Profile: Dr. Effie O’Neal Ellis (1913-1994)

Dr. Effie O’Neal Ellis was a North Side Chicago pediatrician, child medical care consultant, and an activist for infant health and maternal education. Ellis was the first African American woman to hold an executive position in the American Medical Association. In 1989, Ellis was inducted to the Chicago Women’s Hall of Fame for her efforts in improving the lives of the black community and helping to lower infant mortality rates.

Early life and education

Ellis was born in Hawkinsville, Georgia to Joshua P. O’Neal and Althea (Hamilton) O’Neal. In 1933, she obtained her bachelor’s degree in Biology and Chemistry upon graduating from Spelman College. Ellis then attended graduate school at Atlanta University where she acquired a master’s degree in biology in 1935. In 1950 Ellis graduated from the University of Illinois College of Medicine where she graduated with honors and fifth in her class.

Career and Accomplishments

Following graduate school, she was presented with a grant to study diseases and parasites in Puerto Rico, which prompted her passion for healthcare for all socioeconomic backgrounds. Ellis served as a pediatric residency at Massachusetts General Hospital from 1951-1952. Her primary concerns were with the black community, children, and child mortality rates. She aided in the development of parenting and education programs for the March of Dimes. She dedicated much of her treating and advising to new and expecting mothers.

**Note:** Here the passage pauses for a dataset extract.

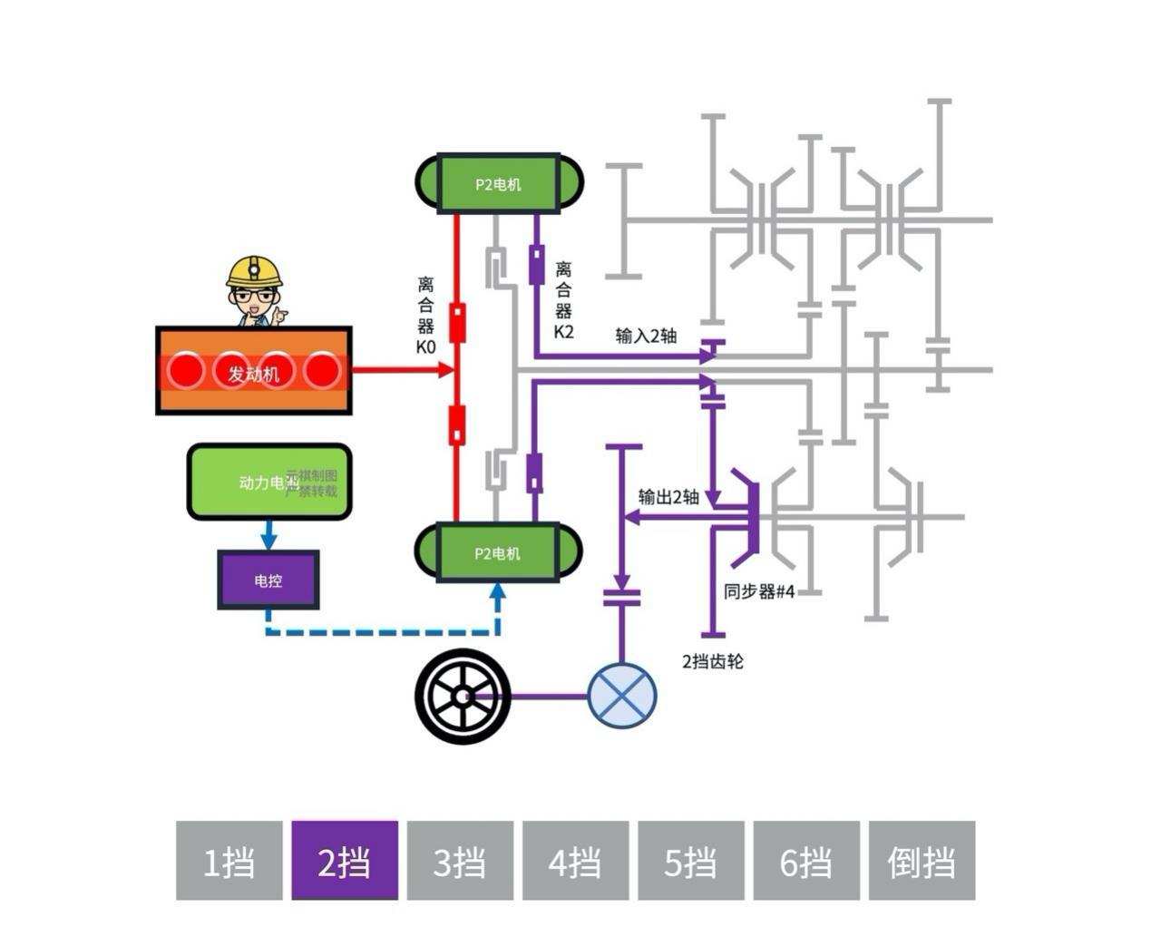 其连接特点在于通过「离合器」(K0)将「发动机」与「P2电机」的转扭耦合,故此,两者汇总的功率都可以在6速「变速机构」中得到调节。

Ellis obtained a postdoctoral fellowship studying pediatric cardiology at Johns Hopkins University School of Medicine from July 1, 1952 to June 30, 1953. She was a specialist in maternal, prenatal, postnatal, and preventative health care. Her team helped to develop the technique to help save blue babies (those infants with inadequate oxygen supply). In 1970 Ellis became the first African American woman to hold an executive position in the American Medical Association, which she held for five years. She became a Director of Maternal Care and Health Care for Ohio’s Department of Health in 1960. In 1970, Ellis was appointed to the President’s Committee on the Handicapped. Ellis was inducted the Chicago Women’s Hall of Fame in 1989.

Personal life and death

Ellis married to Arthur. W. Ellis in 1935 and later married James D. Solomon on March 23, 1953. She died at Northwestern Memorial Hospital on July 5, 1994.